Jim Matherly’s win in the Fairbanks municipal election is important for the Alaska Republican Party and should be studied carefully for what it means for the party going forward. The Republican Party if it is going to remain a force in state politics has to have an active presence in urban areas of the state. It cannot retreat from urban political engagement because it is supposedly hard for Republicans to get elected in urban areas or because the Democrats cannot be defeated.

For a number of years there has been an attitude within the Republican Party that urban areas of the state are becoming more progressive and it is a waste of time to invest money and time into getting Republicans elected to school boards or city councils. The focus should be only on state races and the federal elected offices and this attitude of the last few chairmen of the Republican Party has not served the party well and is not based on any real analysis.
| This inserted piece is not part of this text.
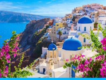
ย่านซานโตรินี่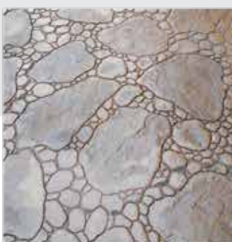
سنگ رودخانه ای

The reality is that the reason why so many city councils and school boards have gone over to the Democrats in this state is because of the fact that the Republican party has not been organized when it comes to urban campaigning.
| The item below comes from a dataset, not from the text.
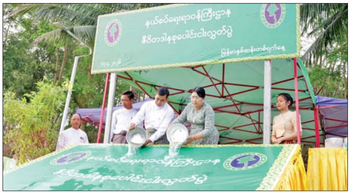
နယ်စပ်ရေးရာဝန်ကြီးဌာန ဇီဝိတဒါနစုပေါင်းငါးလွတ်ပွဲ ပြည်ထောင်စုဝန်ကြီးဌာနမှူး ညွှန်ကြားရေးမှူးချုပ်များနှင့် ဦးစီးဌာနမှူး ဒုတိယအမြဲတမ်းအတွင်းဝန်၊ ဒုတိယညွှန်ကြားရေးမှူးချုပ်များနှင့် ဦးစီးဌာနမှူး လက်ထောက်

အတွင်းဝန်/ညွှန်ကြားရေးမှူးများနှင့် ဦးစီးဌာနမှူး ဝန်ထမ်းမိသားစုများ တက်ရောက်ကြသည်။ ဦးစွာ ပြည်ထောင်စုဝန်ကြီးနှင့် ဦးဆောင်ကာ ဘေးမဲ့ငါးကောင်ရေ ၇၀၀၀ ကို ဇီဝိတဒါနအဖြစ် မင်္ဂလာကန်တော်အတွင်းသို့ ကုသိုလ်ပြုလွှတ်ပေးခဲ့ကြသည်။ ထို့နောက် သက်ကြီးပူဇော်ပွဲအခမ်းအနားကို နယ်စပ်ရေးရာဝန်ကြီးဌာန ဧရာဝတီခရိုင်နှင့် ဆက်လက်ကျင်းပရာ နယ်စပ်ရေးရာဝန်ကြီးဌာန ဝန်ထမ်း

What Jim Matherly’s win in Fairbanks shows is that Republicans can win if they have an organizational structure behind them to get them over the finish line, even in a tough campaign. Fairbanks Republicans did two things that put Mayor Matherly on the road to victory: raising money and, even more critically, getting people to the polls.

The second part happened with amazing outreach on the part of Republican Party district chairs and activists going around the community with voter guides explaining where Matherly stood on the issues affecting Fairbanks. In particular, there was a serious effort to go to churches around Fairbanks and educate Christians on where he stood on family values and that mobilized a large voter base for him. Aside from the victory that Mayor Matherly had there were also victories with Republicans getting elected to the city council who ran on the same platform that he did. The big question now is if the leadership of the Alaska Republican Party working in conjunction with party activists across the state will export the Fairbanks model to borough and municipal races across the state.
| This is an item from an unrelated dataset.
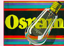
affiche, Lucian BERNHARD, 1919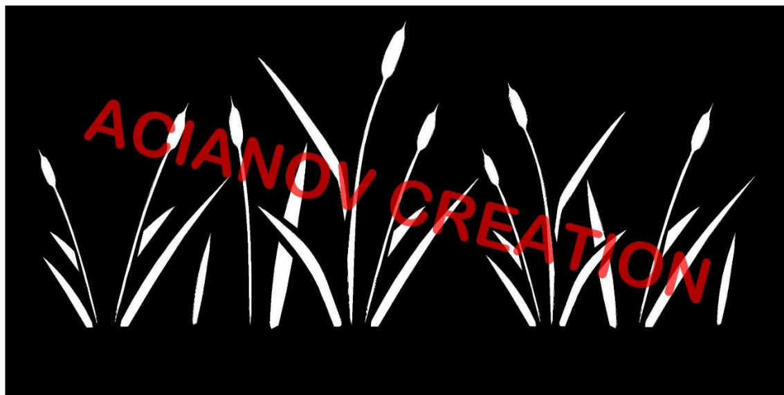
Format présenté : 1000 x 2000 mm

Image à votre format et en couleur (toutes les nuances RAL disponibles) sur simple demande à l'adresse : acianov@orange.fr

If the leadership does so this will mean victories in local races across the state and the implementation of a conservative policy agenda at the borough and municipal level. It also means the party would be building a bench of elected officials who could go on and run for state legislative offices and replace current office holders who are looking to retire. The leadership of the Republican Party has a major task ahead on this front but anything worth doing is going to be hard but as long as party district leadership across the state is engaged the future is very bright.